Wie beträchtlich die verschiedenen Ansichten zum Thema Strahlenschutz divergieren, zeigt sich an der Wiesbadener R + V Versicherungsgruppe. Dort scheint die Monitorstrahlung kein Thema zu sein, weder bei den Anwendern noch bei der zuständigen EDV-Abteilung. Das Unternehmen hatte zwar schon frühzeitig bei den Monochrom-Monitoren Abschirmfilter installiert, der Hauptgrund dafür lag aber nicht im Strahlenschutz, sondern in der Vermeidung von Spiegelungen. Diese Bildschirme sind mittlerweile gegen Farbmonitore ausgetauscht. Im Zuge der Neuinvestitionen wird jetzt mit den neuen strahlungsarmen IBM-Monitoren geliebäugelt. Ein möglicher Einsatz dieser Geräte sei aber vor allem auf ihre bessere Auflösung zurückzuführen, so jedenfalls Gerhard Örter von der Abteilung Anwender-PCs. Man lege kein besonderes Augenmerk auf die Minderung der Strahlenbelastung. Sie sei höchstens ein angenehmer Nebeneffekt.

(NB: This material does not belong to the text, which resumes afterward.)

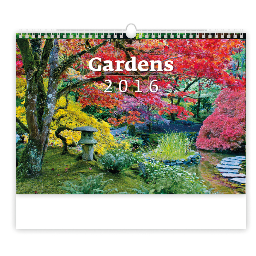 Nástěnný kalendář Gardens 2016 rozměr - 45 x 31,5 cm kalendárium - měsíční mezinárodní rozsah kalendáře - 14 stran vazba: dvojitá spirála plocha pro potisk - 45 x 7 cm
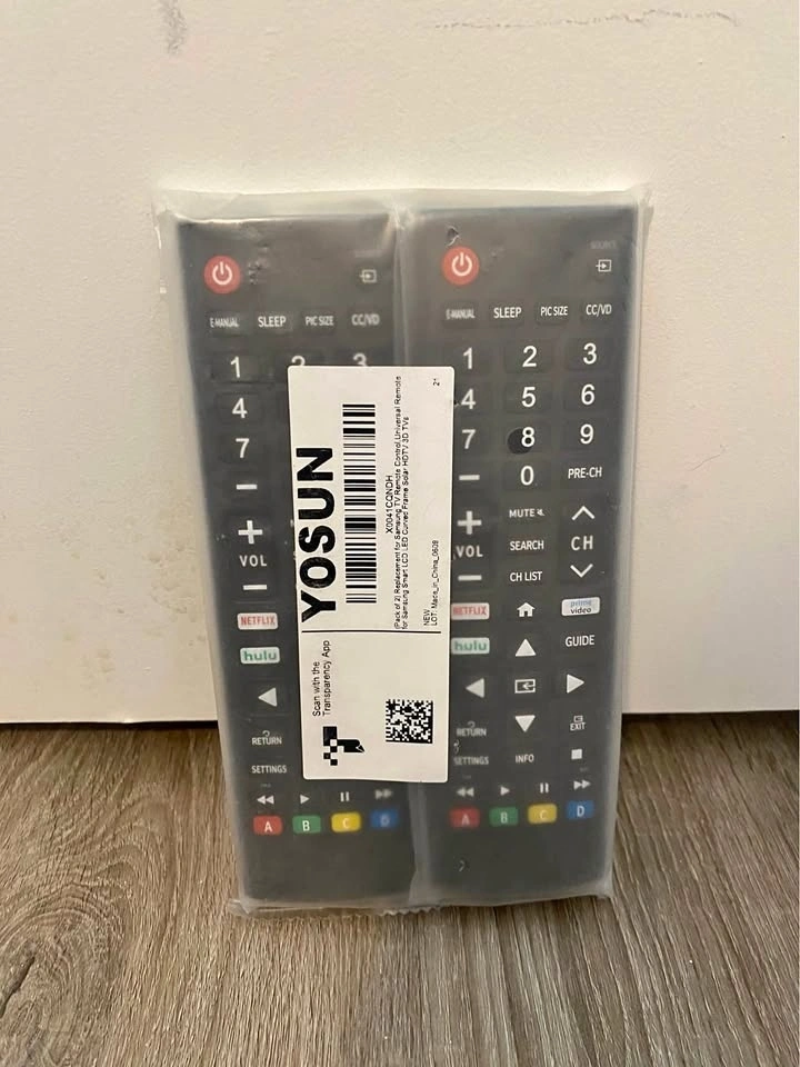 This is a pack of two universal replacement remotes for Samsung TVs, still in original packaging. They have direct access buttons for Netflix, Hulu, and Prime Video and work with Samsung Smart LCD LED Curved Frame Solar HDTV 3D TVs.

Die noch schwach ausgeprägte Sensibilität in den deutschen Unternehmen bleibt auch den Herstellern nicht verborgen. Für Holter Utermark, Leiter der Presseabteilung bei der Tandberg Data GmbH, liegen die Probleme in den fehlenden gesetzlichen Vorschriften. Als Vorbild führt er Schweden an: "Dort gibt es zwar kein Gesetz, das bestimmt, wie die Bildschirme zu sein haben, aber in Schweden ist das soziale Bewußtsein sehr hoch. Wenn ein Institut empfiehlt, beim Kauf auf besondere Kriterien zu achten, werden die Hersteller nur noch Produkte an den Mann bringen, die diesen Anforderungen entsprechen." Doch auch in Deutschland gebe es mittlerweile viele Leute mit diesem Bewußtsein. Seiner Ansicht nach werden neben Gewerkschaften, Arbeitnehmer- und Arbeitgeberverbänden langsam auch die Anwender sensibel dafür. Und die Tatsache, daß sich selbst Wissenschaftler nicht einigen können, ob die Strahlung nun Gesundheitsschäden verursacht, ist für Utermark kein Thema: "Sicher mag es sein, daß sich die Gelehrten streiten. Aber warum soll das zu Lasten der Anwender gehen, wenn es doch technisch möglich ist, strahlungsarme Monitore herzustellen."